When speciation is not driven by divergent natural selection, it can be said to be nonecological, so as to distinguish it from the typical definition of ecological speciation: "It is useful to consider ecological speciation as its own form of species formation because it focuses on an explicit mechanism of speciation: namely divergent natural selection. There are numerous ways other than via divergent natural selection in which populations might become genetically differentiated and reproductively isolated." It is likely that many instances of nonecological speciation are allopatric, especially when the organisms in question are poor dispersers, however sympatric nonecological speciation may also be possible, especially when accompanied by an "instant" loss of reproductive compatibility, as when polyploidization happens. Other potential mechanisms for nonecological speciation include mutation-order speciation and changes in chirality in gastropods.

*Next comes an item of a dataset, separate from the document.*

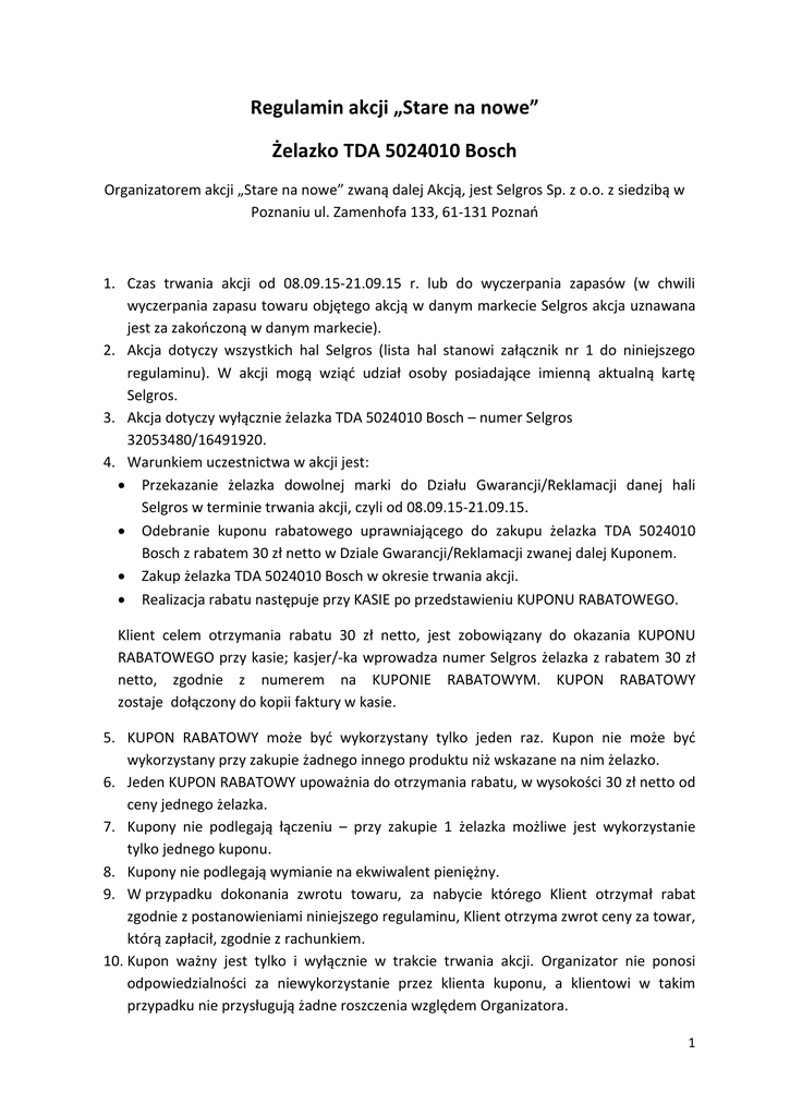 Regulamin akcji „Stare na nowe” Żelazko TDA 5024010 Bosch Organizatorem akcji „Stare na nowe” zwaną dalej Akcją, jest Selgros Sp. z o.o. z siedzibą w Poznaniu ul. Zamenhofa 133, 61-131 Poznań 1. Czas trwania akcji od 08.09.15-21.09.15 r. lub do wyczerpania zapasów (w chwili wyczerpania zapasu towaru objętego akcją w danym markecie Selgros akcja uznawana jest za zakończoną w danym markecie). 2. Akcja dotyczy wszystkich hal Selgros (lista hal stanowi załącznik nr 1 do niniejszego regulaminu). W akcji mogą wziąć udział osoby posiadające imienną aktualną kartę Selgros. 3. Akcja dotyczy wyłącznie żelazka TDA 5024010 Bosch – numer Selgros 32053480/16491920. 4. Warunkiem uczestnictwa w akcji jest: Przekazanie żelazka dowolnej marki do Działu Gwarancji/Reklamacji danej hali Selgros w terminie trwania akcji, czyli od 08.09.15-21.09.15. Odebranie kuponu rabatowego uprawniającego do zakupu żelazka TDA 5024010 Bosch z rabatem 30 zł netto w Dziale Gwarancji/Reklamacji zwanej dalej Kuponem. Zakup żelazka TDA 5024010 Bosch w okresie trwania akcji. Realizacja rabatu następuje przy KASIE po przedstawieniu KUPONU RABATOWEGO. Klient celem otrzymania rabatu 30 zł netto, jest zobowiązany do okazania KUPONU RABATOWEGO przy kasie; kasjer/-ka wprowadza numer Selgros żelazka z rabatem 30 zł netto, zgodnie z numerem na KUPONIE RABATOWYM. KUPON RABATOWY zostaje dołączony do kopii faktury w kasie. 5. KUPON RABATOWY może być wykorzystany tylko jeden raz. Kupon nie może być wykorzystany przy zakupie żadnego innego produktu niż wskazane na nim żelazko. 6. Jeden KUPON RABATOWY upoważnia do otrzymania rabatu, w wysokości 30 zł netto od ceny jednego żelazka. 7. Kupony nie podlegają łączeniu – przy zakupie 1 żelazka możliwe jest wykorzystanie tylko jednego kuponu. 8. Kupony nie podlegają wymianie na ekwiwalent pieniężny. 9. W przypadku dokonania zwrotu towaru, za nabycie którego Klient otrzymał rabat zgodnie z postanowieniami niniejszego regulaminu, Klient otrzyma zwrot ceny za towar, którą zapłacił, zgodnie z rachunkiem. 10. Kupon ważny jest tylko i wyłącznie w trakcie trwania akcji. Organizator nie ponosi odpowiedzialności za niewykorzystanie przez klienta kuponu, a klientowi w takim przypadku nie przysługują żadne roszczenia względem Organizatora. 1 11. Udział w akcji jest równoznaczny z akceptacją postanowień niniejszego regulaminu. 12. Organizator zastrzega sobie prawo do zmiany postanowień regulaminu akcji „Stare na nowe” oraz prawo do ograniczenia czasu jej trwania. 13. Wszelkie spory mogące wyniknąć w związku z organizacją oraz przeprowadzeniem akcji będą rozstrzygane przez Komisję, w składzie: Dyrektor Hali, Kierownik Działu DOK ,Kierownik Hali-odpowiednego marketu Selgros Cash & Carry, powołaną przez Organizatora. Reklamacje w związku z organizacją oraz przeprowadzeniem akcji mogą być zgłaszane najpóźniej w terminie do 14 dni od dnia zakończenia akcji. Zgłoszenie reklamacyjne należy wysłać listem poleconym za potwierdzeniem odbioru na adres Organizatora z dopiskiem: Reklamacja – Akcja „Stare na nowe”. Forma pisemna reklamacji zastrzeżona jest pod rygorem nieważności. Reklamacje będą rozpatrywane w terminie do 14 dni od daty otrzymania. Decyzje Komisji w przedmiocie reklamacji podejmowane będą w formie pisemnej. Są one ostateczne i wiążące. Osoba składająca reklamację zostanie powiadomiona o decyzji listem poleconym, wysłanym pod adresem podanym w reklamacji w terminie do 5 dni od daty rozpatrzenia reklamacji. Rozstrzygnięcie Komisji jest ostateczne. 14. Regulamin akcji jest dostępny w Dziale Obsługi Klienta. 15. Regulamin akcji jest jedynym dokumentem określającym zasady przeprowadzenia akcji. 16. Wszelkie spory wynikłe z tytułu wykonania zobowiązań związanych z akcją będą rozstrzygane przez Sąd właściwy według siedziby Organizatora. 17. W kwestiach nieuregulowanych niniejszym regulaminem stosuje się przepisy Kodeksu Cywilnego. Załącznik: 1. Wykaz hal Selgros objętych akcją „Stare na nowe”. 2 Załącznik 1 do regulaminu akcji „Stare na nowe” – wykaz hal objętych promocją Market w Poznaniu. Nr 110 ul. Zamenhofa 133 61-131 Poznań Market w Warszawie. Nr 111 ul. Przylesie 3 03-153 Warszawa Market we Wrocławiu. Nr 112 ul. Wrocławska 4c 55-095 Mirków k. Wrocławia Market w Szczecinie. Nr 113 ul. Walecznych 64 70-774 Szczecin Market w Łodzi. Nr 114 ul. Rokicińska 190/214 92-412 Łódź Market w Warszawie II. Nr 116 ul. Połczyńska 103 01-303 Warszawa Market w Katowicach. Nr 117 ul. Lwowska 32 40-389 Katowice Market w Gliwicach. Nr 118 ul. Toszecka 11 44-102 Gliwice Market w Radomiu. Nr 120 ul. Czarnieckiego 112 /116 26-617 Radom Market w Krakowie. Nr 122 ul. Nowohucka 52 31 580 Kraków Market w Gdańsku. Nr 123 ul. Wodnika 79 80-299 GDAŃSK Market w Bytomiu nr 124 ul. Chorzowska 88 41-910 Bytom 3 Market w Białymstoku nr 125 ul. Produkcyjna 99 15-680 Białystok Market w Łodzi nr 126 ul. 3 maja 4 93-408 Łódź Market w Wrocław nr 127 ul. Krakowska 71 -105 50-426 Wrocław Market w Lublinie nr 128 ul. Jana Pawła II 59 20-535 Lublin 4

In biology, parallel speciation is a type of speciation where there is repeated evolution of reproductively isolating traits via the same mechanisms occurring between separate yet closely related species inhabiting different environments. This leads to a circumstance where independently evolved lineages have developed reproductive isolation from their ancestral lineage, but not from other independent lineages that inhabit similar environments. In order for parallel speciation to be confirmed, there is a set of three requirements that has been established that must be met: there must be phylogenetic independence between the separate populations inhabiting similar environments to ensure that the traits responsible for reproductive isolation evolved separately, there must be reproductive isolation not only between the ancestral population and the descendent population, but also between descendent populations that inhabit dissimilar environments, and descendent populations that inhabit similar environments must not be reproductively isolated from one another. To determine if natural selection specifically is the cause of parallel speciation, a fourth requirement has been established that includes identifying and testing an adaptive mechanism, which eliminates the possibility of a genetic factor such as polyploidy being the responsible agent.